• DESCRIPTION OF THE TASK: Give the listing again word for word, excluding the pictures it contains.

• DATASET SECTION:
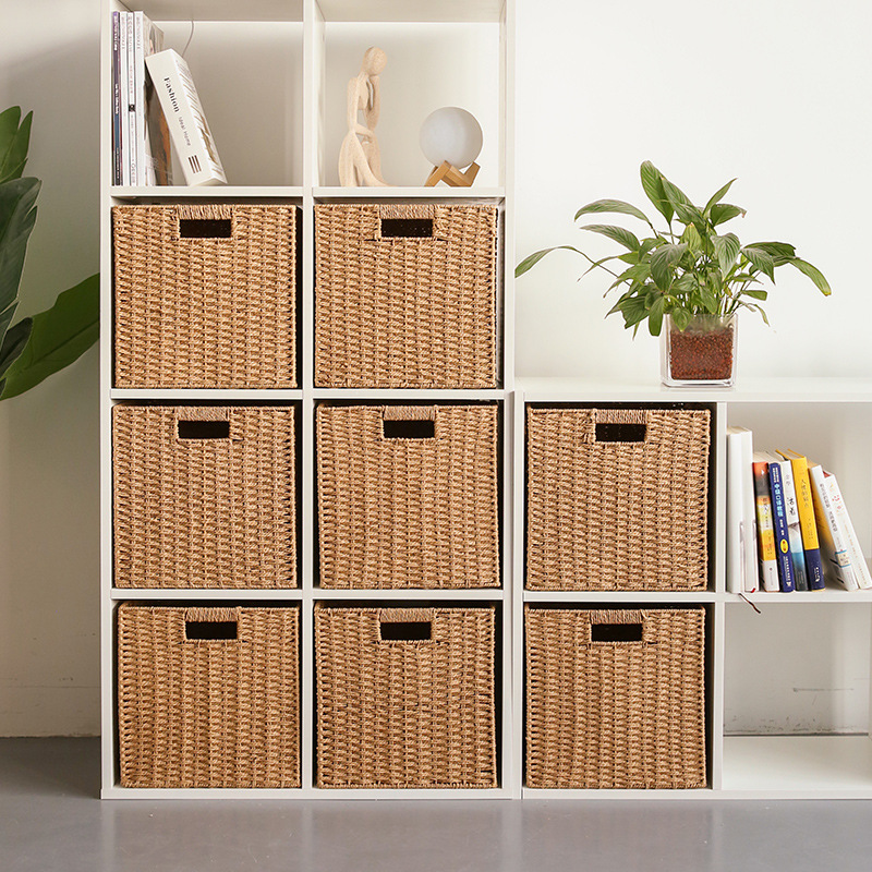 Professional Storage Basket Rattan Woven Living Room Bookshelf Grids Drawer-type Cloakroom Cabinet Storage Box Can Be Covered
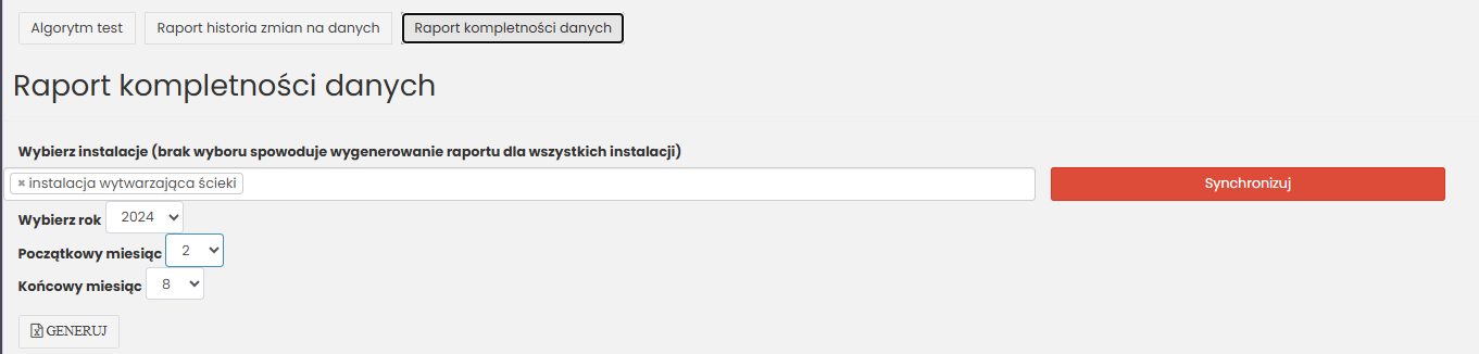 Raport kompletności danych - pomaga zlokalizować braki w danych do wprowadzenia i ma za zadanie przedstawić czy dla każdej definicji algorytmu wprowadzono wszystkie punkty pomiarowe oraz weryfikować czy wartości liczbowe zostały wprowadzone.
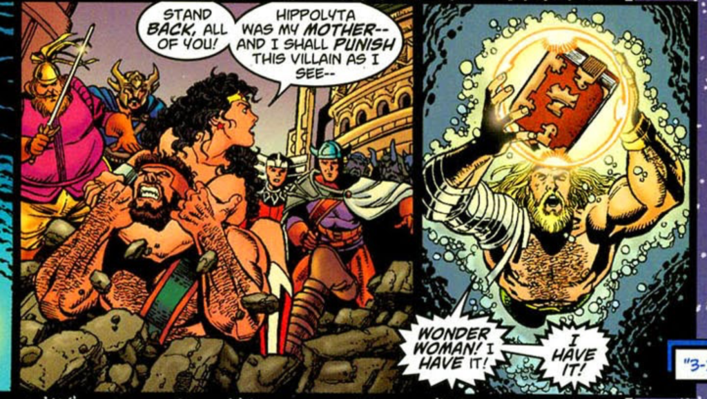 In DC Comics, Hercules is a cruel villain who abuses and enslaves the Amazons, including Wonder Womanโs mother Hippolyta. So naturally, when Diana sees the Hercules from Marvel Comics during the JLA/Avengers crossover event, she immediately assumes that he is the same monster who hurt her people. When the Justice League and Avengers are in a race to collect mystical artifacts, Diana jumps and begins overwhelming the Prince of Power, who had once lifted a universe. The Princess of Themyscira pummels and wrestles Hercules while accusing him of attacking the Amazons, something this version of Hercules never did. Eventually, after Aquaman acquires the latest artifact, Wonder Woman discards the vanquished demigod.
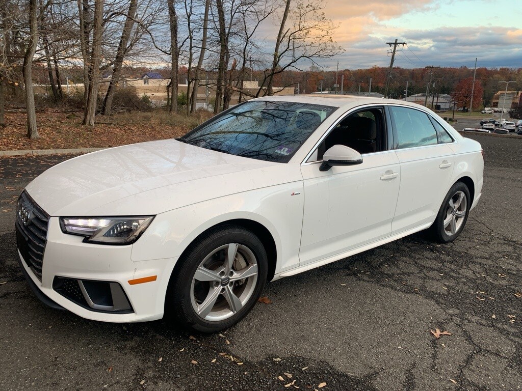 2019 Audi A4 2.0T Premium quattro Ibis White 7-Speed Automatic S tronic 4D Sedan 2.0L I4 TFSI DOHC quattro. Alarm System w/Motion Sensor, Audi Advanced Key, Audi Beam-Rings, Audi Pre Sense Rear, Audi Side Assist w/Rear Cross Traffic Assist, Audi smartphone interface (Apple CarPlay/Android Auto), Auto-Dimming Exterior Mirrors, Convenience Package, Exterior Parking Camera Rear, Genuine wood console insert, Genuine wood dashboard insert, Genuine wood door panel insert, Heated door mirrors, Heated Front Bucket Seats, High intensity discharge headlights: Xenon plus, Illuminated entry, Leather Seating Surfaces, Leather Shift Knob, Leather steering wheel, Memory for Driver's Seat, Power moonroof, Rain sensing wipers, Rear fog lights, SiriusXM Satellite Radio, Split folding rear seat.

• SOLUTION TO THIS TASK:
 Professional Storage Basket Rattan Woven Living Room Bookshelf Grids Drawer-type Cloakroom Cabinet Storage Box Can Be Covered
 Raport kompletności danych - pomaga zlokalizować braki w danych do wprowadzenia i ma za zadanie przedstawić czy dla każdej definicji algorytmu wprowadzono wszystkie punkty pomiarowe oraz weryfikować czy wartości liczbowe zostały wprowadzone.
 In DC Comics, Hercules is a cruel villain who abuses and enslaves the Amazons, including Wonder Womanโs mother Hippolyta. So naturally, when Diana sees the Hercules from Marvel Comics during the JLA/Avengers crossover event, she immediately assumes that he is the same monster who hurt her people. When the Justice League and Avengers are in a race to collect mystical artifacts, Diana jumps and begins overwhelming the Prince of Power, who had once lifted a universe. The Princess of Themyscira pummels and wrestles Hercules while accusing him of attacking the Amazons, something this version of Hercules never did. Eventually, after Aquaman acquires the latest artifact, Wonder Woman discards the vanquished demigod.
 2019 Audi A4 2.0T Premium quattro Ibis White 7-Speed Automatic S tronic 4D Sedan 2.0L I4 TFSI DOHC quattro. Alarm System w/Motion Sensor, Audi Advanced Key, Audi Beam-Rings, Audi Pre Sense Rear, Audi Side Assist w/Rear Cross Traffic Assist, Audi smartphone interface (Apple CarPlay/Android Auto), Auto-Dimming Exterior Mirrors, Convenience Package, Exterior Parking Camera Rear, Genuine wood console insert, Genuine wood dashboard insert, Genuine wood door panel insert, Heated door mirrors, Heated Front Bucket Seats, High intensity discharge headlights: Xenon plus, Illuminated entry, Leather Seating Surfaces, Leather Shift Knob, Leather steering wheel, Memory for Driver's Seat, Power moonroof, Rain sensing wipers, Rear fog lights, SiriusXM Satellite Radio, Split folding rear seat.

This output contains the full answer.